Form a hypothesis: "this head copies the subject's gender into the verb position."
Ablate it: zero out or replace that component and check whether the target behaviour breaks.
Patch it: run a clean and a corrupted input, then splice one activation from one run into the other (activation patching) to localize exactly which part carries the effect.
Confirm: predict in advance what edits should and should not change, then verify the model behaves as your circuit story says.

This causal discipline is what separates mechanistic interpretability from just-so storytelling. It also sharply distinguishes it from reading attention weights as an explanation — a tempting shortcut that often misleads, because where a model looks is not reliably the same as why it decides. The same skepticism applies to a saliency map: a pretty heatmap can be persuasive and still not reflect the true computation.

Why bother — and where it connects

The payoff is more than scientific curiosity. If you can find the circuit a model uses, you can debug it: discover that a classifier keyed on a spurious correlation (the snow behind the husky, the watermark on the medical scan) and is leaning on shortcut learning rather than the real signal. You can edit knowledge, steer behaviour by amplifying or suppressing a feature, and check whether a fix actually removed a problem or just hid it.

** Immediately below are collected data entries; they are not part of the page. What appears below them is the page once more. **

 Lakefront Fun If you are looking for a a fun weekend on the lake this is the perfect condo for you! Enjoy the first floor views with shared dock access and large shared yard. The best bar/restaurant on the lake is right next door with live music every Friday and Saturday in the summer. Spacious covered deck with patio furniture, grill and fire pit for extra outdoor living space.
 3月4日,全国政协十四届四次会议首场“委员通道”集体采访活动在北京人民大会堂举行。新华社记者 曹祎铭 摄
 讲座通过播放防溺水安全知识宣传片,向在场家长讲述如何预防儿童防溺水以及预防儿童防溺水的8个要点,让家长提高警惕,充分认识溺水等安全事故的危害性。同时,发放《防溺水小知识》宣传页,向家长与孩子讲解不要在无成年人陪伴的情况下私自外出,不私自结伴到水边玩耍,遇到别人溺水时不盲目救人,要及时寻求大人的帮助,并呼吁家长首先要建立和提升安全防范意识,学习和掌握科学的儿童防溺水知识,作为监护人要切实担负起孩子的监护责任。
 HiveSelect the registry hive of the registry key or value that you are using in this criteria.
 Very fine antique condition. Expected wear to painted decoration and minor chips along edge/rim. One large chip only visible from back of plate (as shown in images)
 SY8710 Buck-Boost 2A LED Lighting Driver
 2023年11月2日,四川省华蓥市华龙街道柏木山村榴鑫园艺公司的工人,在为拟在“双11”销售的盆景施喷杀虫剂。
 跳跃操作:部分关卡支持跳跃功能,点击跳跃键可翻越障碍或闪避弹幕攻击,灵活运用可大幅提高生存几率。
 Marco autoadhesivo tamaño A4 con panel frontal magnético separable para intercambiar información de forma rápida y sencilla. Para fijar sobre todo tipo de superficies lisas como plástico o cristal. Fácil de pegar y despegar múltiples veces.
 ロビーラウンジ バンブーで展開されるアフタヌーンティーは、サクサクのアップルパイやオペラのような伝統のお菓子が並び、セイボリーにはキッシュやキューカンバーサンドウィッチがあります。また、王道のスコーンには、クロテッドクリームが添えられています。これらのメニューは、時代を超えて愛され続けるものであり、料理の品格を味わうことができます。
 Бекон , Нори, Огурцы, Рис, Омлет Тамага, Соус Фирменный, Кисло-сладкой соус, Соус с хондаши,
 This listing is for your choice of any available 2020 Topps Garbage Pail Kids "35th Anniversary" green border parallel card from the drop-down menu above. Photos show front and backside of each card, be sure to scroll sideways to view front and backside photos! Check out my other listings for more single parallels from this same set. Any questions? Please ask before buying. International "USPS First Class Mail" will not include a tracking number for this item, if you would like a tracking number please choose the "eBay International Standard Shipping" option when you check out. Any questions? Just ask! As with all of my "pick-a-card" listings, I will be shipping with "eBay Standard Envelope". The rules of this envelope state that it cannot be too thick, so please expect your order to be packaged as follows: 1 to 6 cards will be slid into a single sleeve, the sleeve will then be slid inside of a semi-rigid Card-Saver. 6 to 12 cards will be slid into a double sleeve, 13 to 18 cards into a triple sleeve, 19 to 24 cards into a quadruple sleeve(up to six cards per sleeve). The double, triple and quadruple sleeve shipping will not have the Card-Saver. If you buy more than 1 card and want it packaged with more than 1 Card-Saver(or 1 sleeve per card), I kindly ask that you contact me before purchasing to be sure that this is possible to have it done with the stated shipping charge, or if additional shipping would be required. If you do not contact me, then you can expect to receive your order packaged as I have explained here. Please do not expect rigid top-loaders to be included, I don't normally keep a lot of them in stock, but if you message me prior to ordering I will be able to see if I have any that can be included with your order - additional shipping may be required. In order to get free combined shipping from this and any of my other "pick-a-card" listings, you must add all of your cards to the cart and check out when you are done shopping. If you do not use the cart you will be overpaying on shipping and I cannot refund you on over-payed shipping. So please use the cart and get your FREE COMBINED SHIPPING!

Mechanistic insight also feeds back into AI alignment and AI safety research, where the dream is to detect deception or unsafe reasoning by inspecting internals rather than only watching outputs.

Be clear-eyed about the limits, though. Today the field can fully reverse-engineer toy models and isolated circuits, and can surface large feature dictionaries in real models — but it cannot hand you a complete, faithful blueprint of a frontier large language model. The work is labour-intensive, often relies on still-unproven assumptions (like the linear-feature view), and findings in one model may not transfer to another. "We found a circuit" is real progress; "we understand the whole model" is not yet on the table.